[Your assignment]
Give the lines again exactly as they appear below, from the line with "第5条 償還払を受けようとす" to the line with "2024年1-11月冷凍豬牛禽肉海關(guān)進口數(shù)據(jù)", both included, and only those lines. Leave every picture out.

[The data]
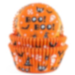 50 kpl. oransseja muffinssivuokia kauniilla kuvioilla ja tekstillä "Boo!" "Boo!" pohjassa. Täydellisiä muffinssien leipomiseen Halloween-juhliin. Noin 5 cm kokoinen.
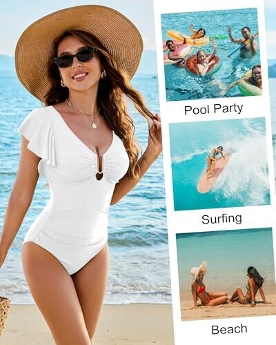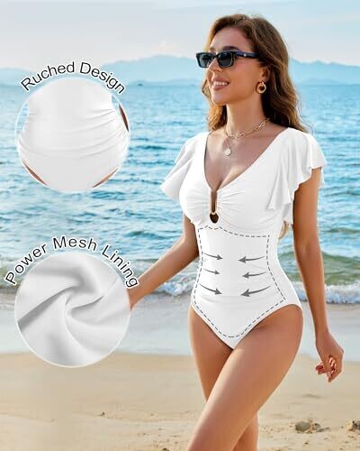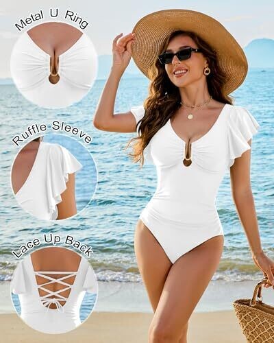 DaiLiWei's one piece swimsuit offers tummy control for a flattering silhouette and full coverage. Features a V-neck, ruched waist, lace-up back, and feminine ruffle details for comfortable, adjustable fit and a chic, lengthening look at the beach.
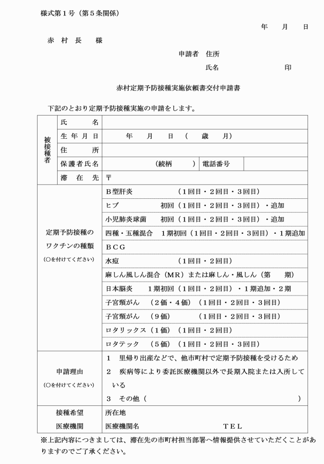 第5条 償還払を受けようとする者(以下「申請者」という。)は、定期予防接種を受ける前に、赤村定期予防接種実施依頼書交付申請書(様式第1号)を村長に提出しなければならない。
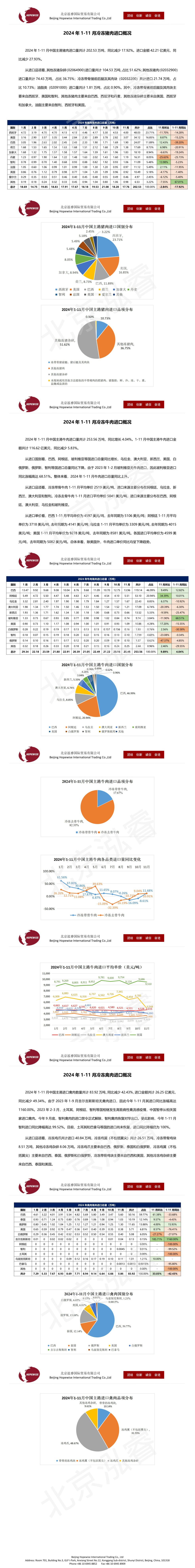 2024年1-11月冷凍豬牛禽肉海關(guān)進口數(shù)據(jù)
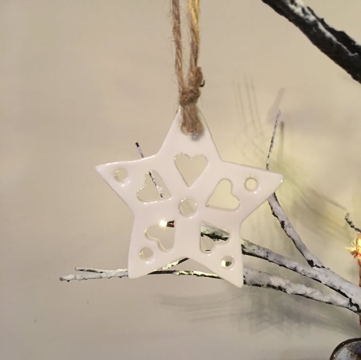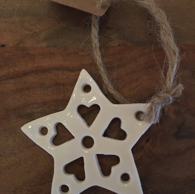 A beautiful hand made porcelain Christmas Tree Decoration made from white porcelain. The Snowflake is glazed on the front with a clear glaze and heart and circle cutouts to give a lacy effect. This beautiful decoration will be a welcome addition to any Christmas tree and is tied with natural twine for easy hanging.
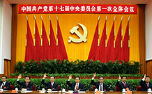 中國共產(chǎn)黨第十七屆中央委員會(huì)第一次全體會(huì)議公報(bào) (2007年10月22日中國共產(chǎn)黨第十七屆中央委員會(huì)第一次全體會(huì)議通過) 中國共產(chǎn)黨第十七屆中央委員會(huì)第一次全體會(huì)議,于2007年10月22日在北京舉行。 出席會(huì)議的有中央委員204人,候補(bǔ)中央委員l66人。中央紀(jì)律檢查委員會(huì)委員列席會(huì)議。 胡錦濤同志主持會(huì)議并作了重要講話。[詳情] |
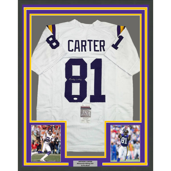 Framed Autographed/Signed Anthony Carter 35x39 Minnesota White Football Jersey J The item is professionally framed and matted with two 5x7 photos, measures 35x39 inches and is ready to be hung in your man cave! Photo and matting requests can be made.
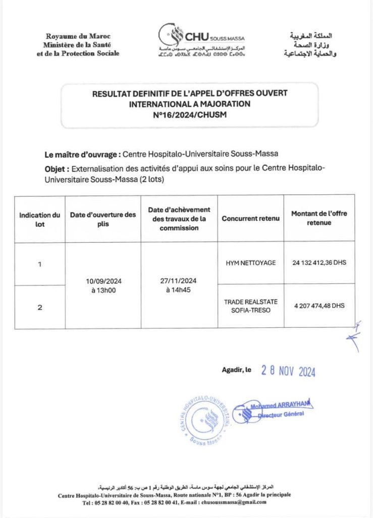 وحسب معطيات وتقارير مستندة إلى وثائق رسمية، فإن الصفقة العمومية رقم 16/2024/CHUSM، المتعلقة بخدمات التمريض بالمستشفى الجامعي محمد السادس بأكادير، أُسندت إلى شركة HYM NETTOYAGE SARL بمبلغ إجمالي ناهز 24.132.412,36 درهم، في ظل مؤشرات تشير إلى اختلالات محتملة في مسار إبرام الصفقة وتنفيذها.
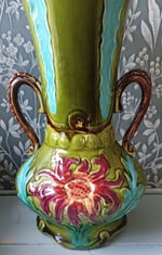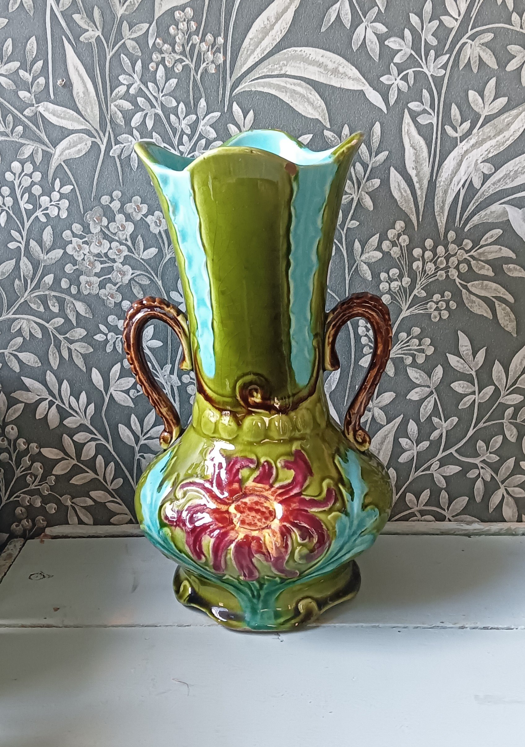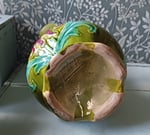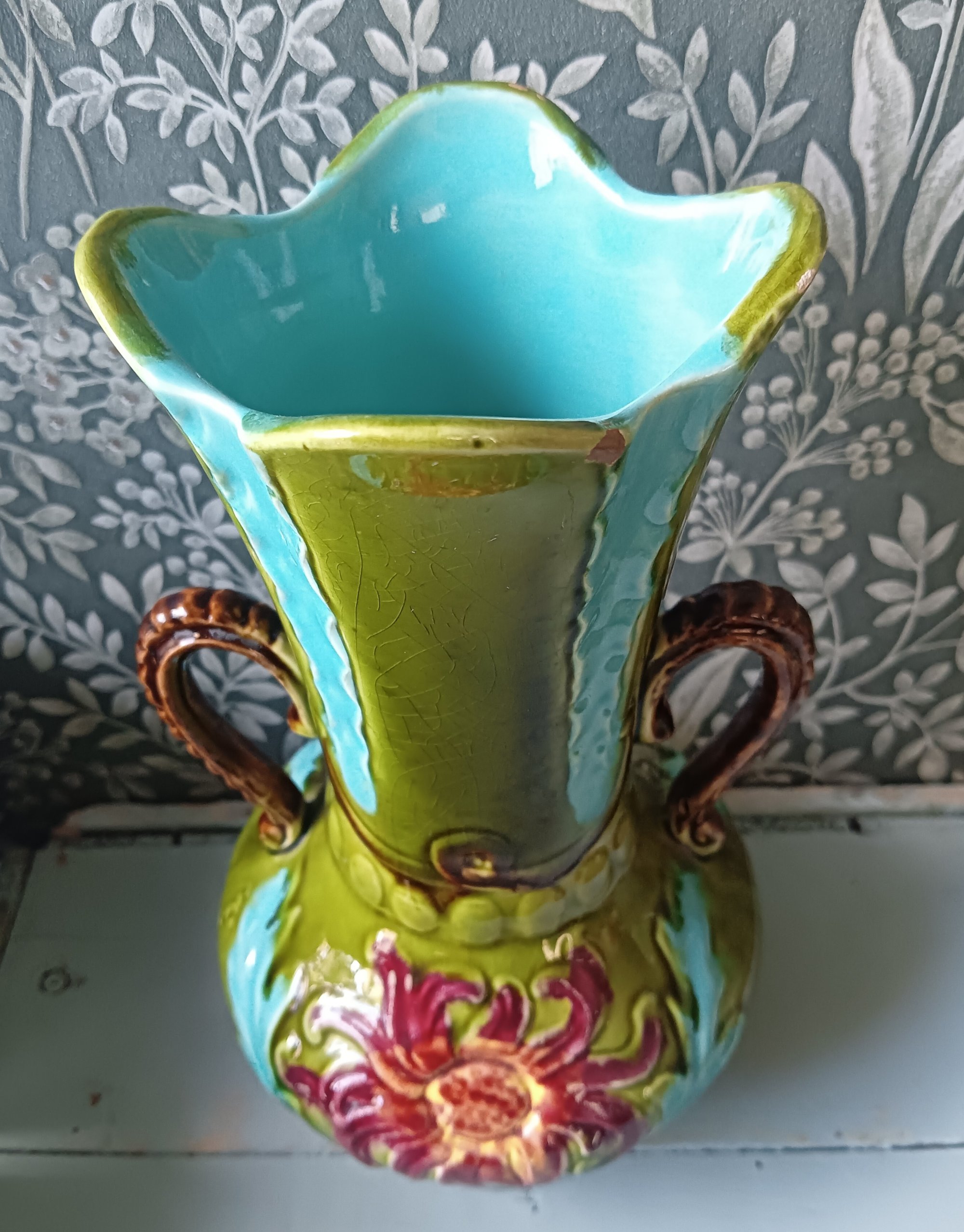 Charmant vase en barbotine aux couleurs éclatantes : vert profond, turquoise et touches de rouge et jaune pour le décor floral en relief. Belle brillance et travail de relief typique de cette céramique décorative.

[Result of the task]
 第5条 償還払を受けようとする者(以下「申請者」という。)は、定期予防接種を受ける前に、赤村定期予防接種実施依頼書交付申請書(様式第1号)を村長に提出しなければならない。
 2024年1-11月冷凍豬牛禽肉海關(guān)進口數(shù)據(jù)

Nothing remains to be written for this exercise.